(Beginning of The input)

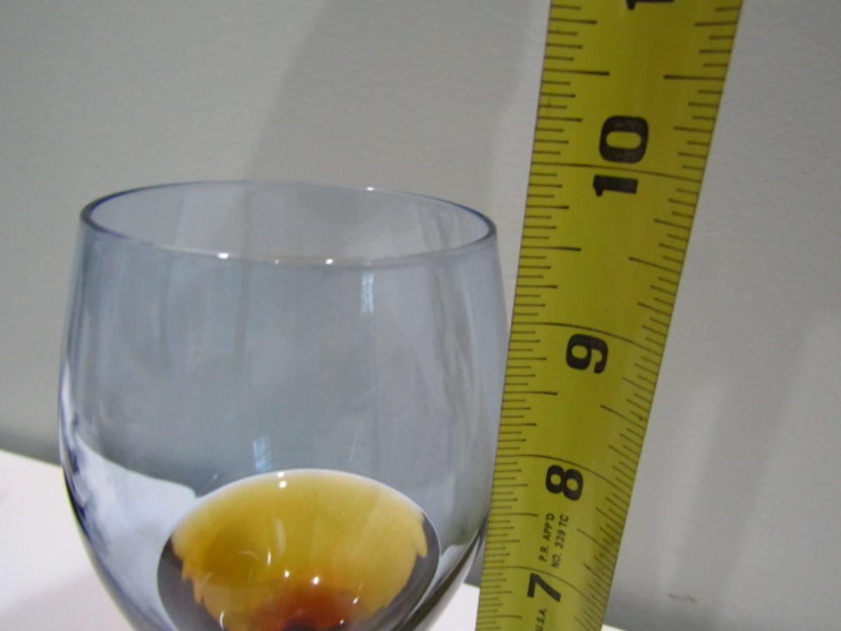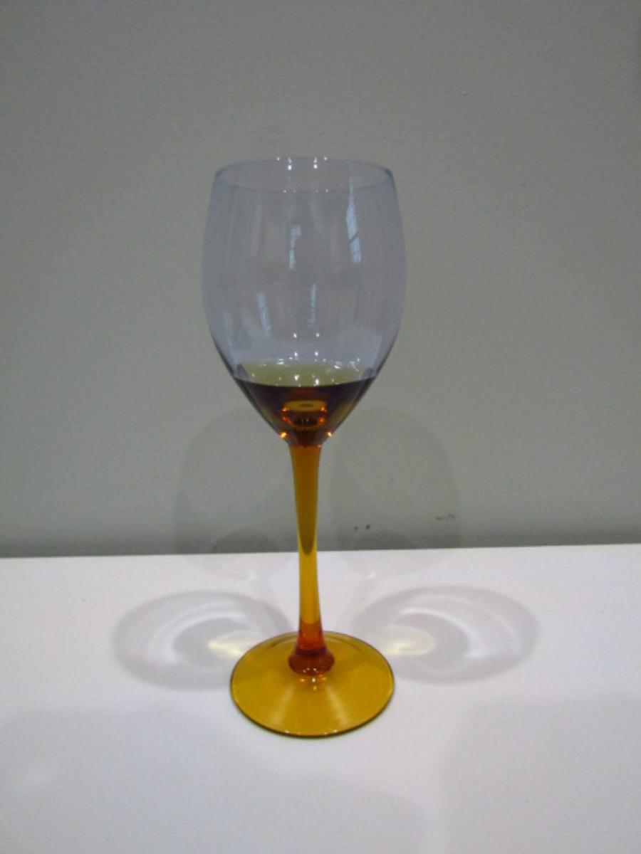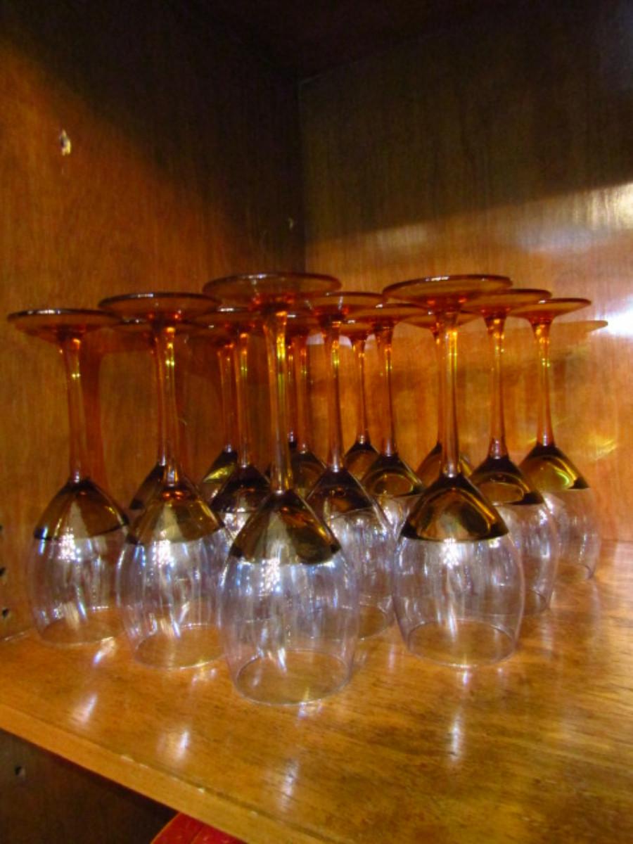 Amber Stemmed Wine Glasses (DR). Two different sizes. Red wine (9 1/2" tall)- 22 pcs. White wine (9" tall)- 23 pcs.
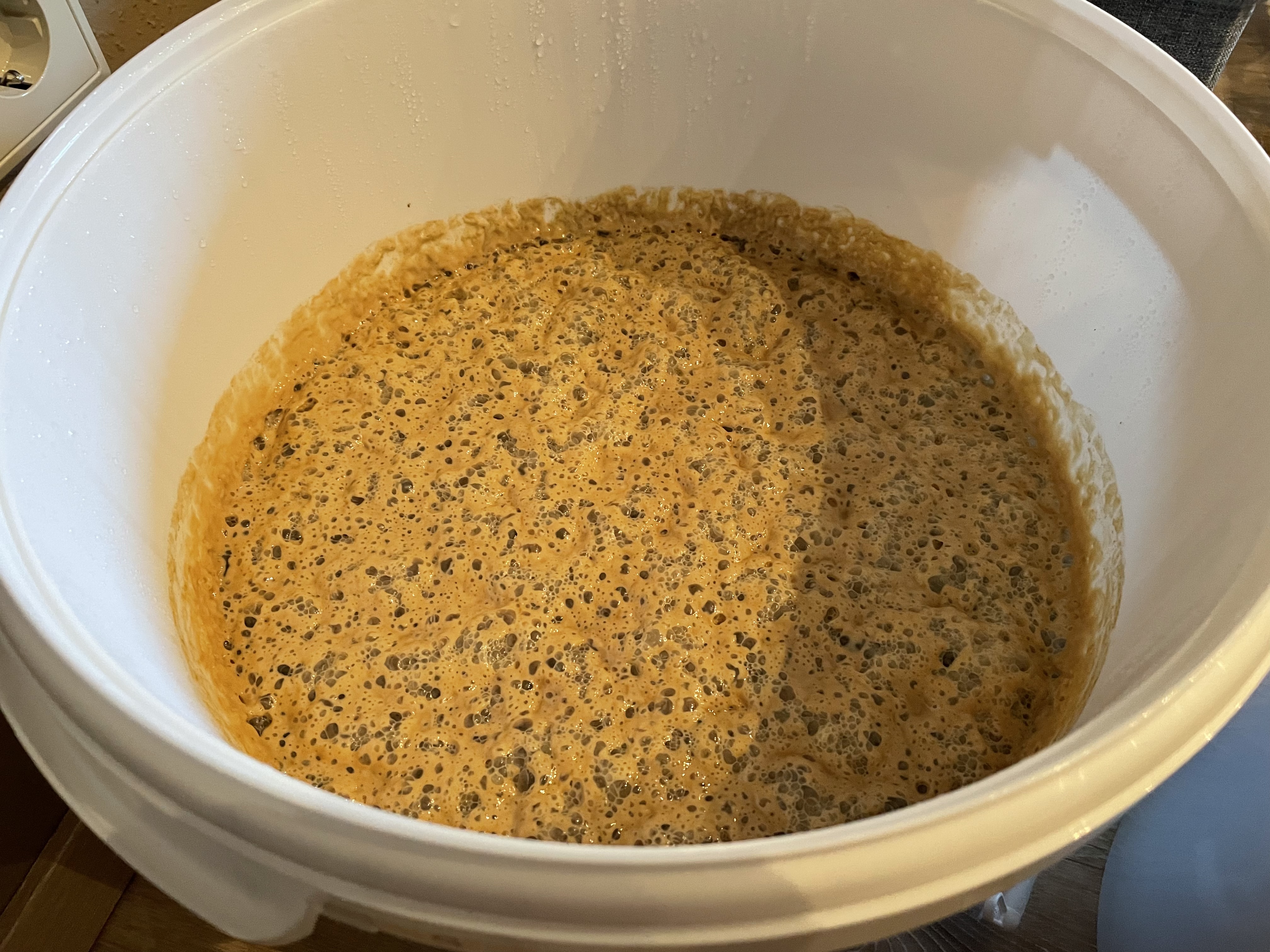 Im Gegensatz zu meinem ersten Sud ist dieses Mal die Hefe noch OBEN.
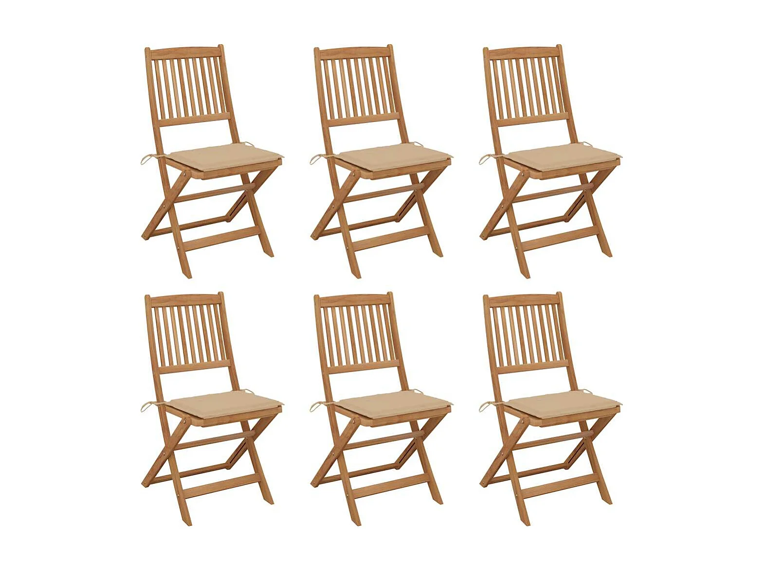 Chaises pliables de jardin lot de 6 avec coussins Bois d'acacia
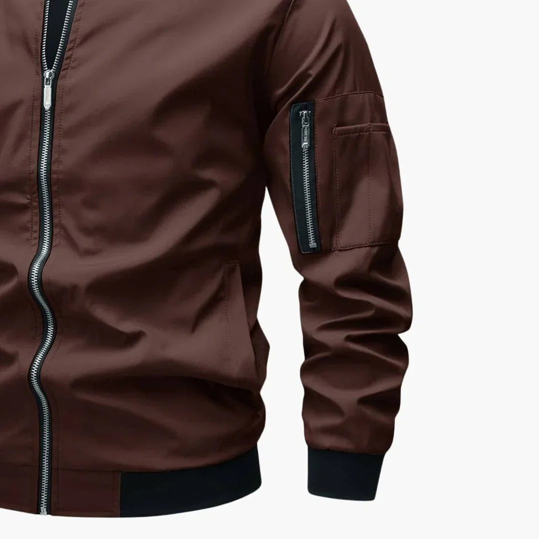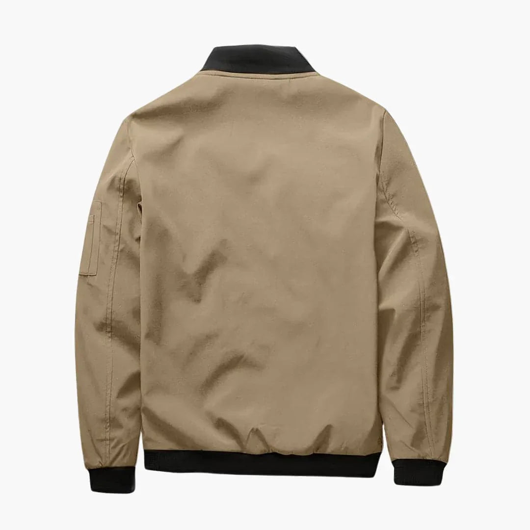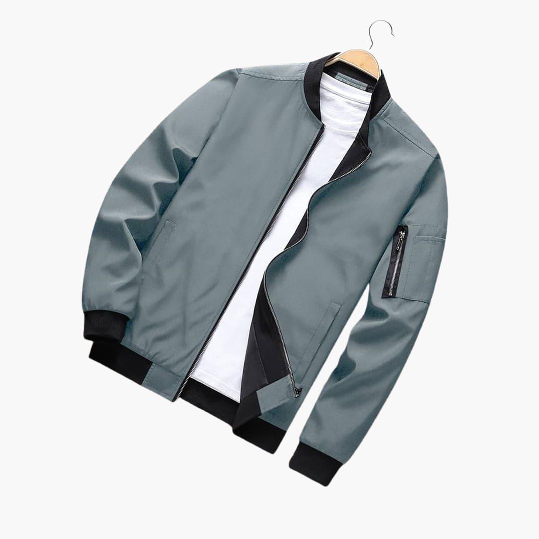 Denne bomberjakke til mænd er designet i klassisk bomberstil med gennemgående lynlås og funktionelle lommer. Det tynde materiale gør den passende til forår, sommer og efterår. Den er skræddersyet til mænd, der søger en overgangsjakke, der kan kombineres med forskellige outfits.
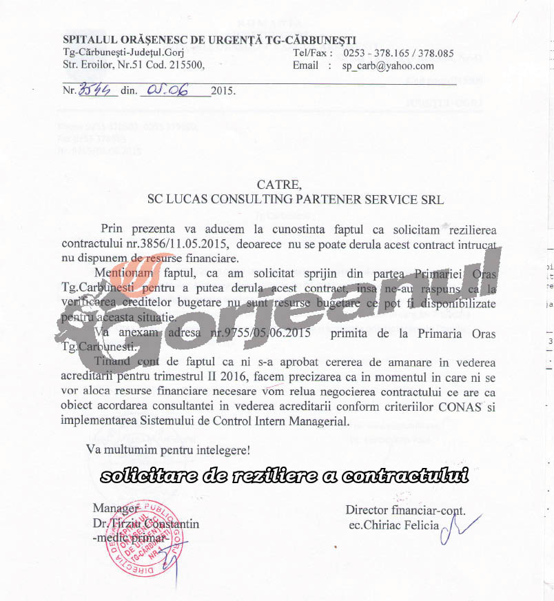Pentru a-şi demonstra corectitudinea şi intenţiile de a colabora şi a derula în bune condiţii contractul prezentat mai sus, firma pune la dispoziţia opiniei publice corespondenţa purtată cu Spitalul Târgu-Cărbuneşti cu societatea din Piteşti. “Acestea demonstrează reaua credinţă şi delăsarea managerului spitalului în întârzierea voită a derularii acestui contract, dar şi dezinteresul pentru un act de o importanţă vitală cum este acreditarea spitalului, fără de care, prin desfiinţarea lui ca unitate medicală, oamenii pot ajunge fără un loc de muncă, iar cetăţenii din Târgu-Cărbuneşti nu vor mai avea acces la serviciile medicale obligatorii”, mai spun cei de la Lucas Consulting Partner Services SRL.

(End of The input)

Above are some records; extract exactly the lines from the one containing "Chaises pliables de" through the one containing "Denne bomberjakke til" and drop the pictures.

▶ [Answer to this task]
 Chaises pliables de jardin lot de 6 avec coussins Bois d'acacia
 Denne bomberjakke til mænd er designet i klassisk bomberstil med gennemgående lynlås og funktionelle lommer. Det tynde materiale gør den passende til forår, sommer og efterår. Den er skræddersyet til mænd, der søger en overgangsjakke, der kan kombineres med forskellige outfits.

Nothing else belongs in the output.